● YOUR OBJECTIVE:
Your answer must be only the lines below from the one containing "Convite Its Twins" through the one containing "1年生は、10時頃に貝塚市にある「明治なるほどファクトリー」に到着しました。", copied exactly, with the pictures left out.

● GIVEN INFORMATION:

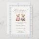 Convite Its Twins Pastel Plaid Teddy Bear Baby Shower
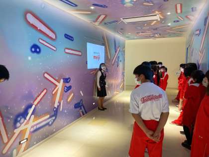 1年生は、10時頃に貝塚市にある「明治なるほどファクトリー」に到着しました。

* * *

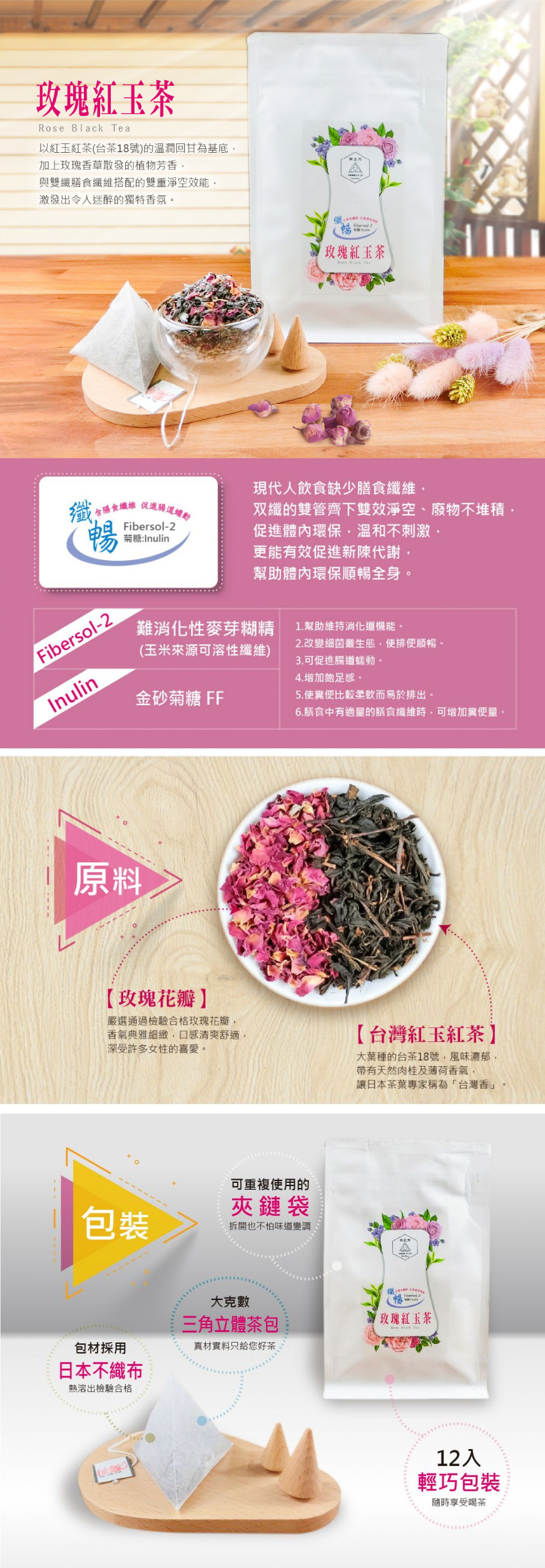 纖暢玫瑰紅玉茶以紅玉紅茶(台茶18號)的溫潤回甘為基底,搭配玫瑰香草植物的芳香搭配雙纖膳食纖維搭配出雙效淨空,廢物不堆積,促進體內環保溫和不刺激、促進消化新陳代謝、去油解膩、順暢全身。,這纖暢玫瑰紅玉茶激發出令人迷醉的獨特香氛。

● RESPONSE BELOW:
 Convite Its Twins Pastel Plaid Teddy Bear Baby Shower
 1年生は、10時頃に貝塚市にある「明治なるほどファクトリー」に到着しました。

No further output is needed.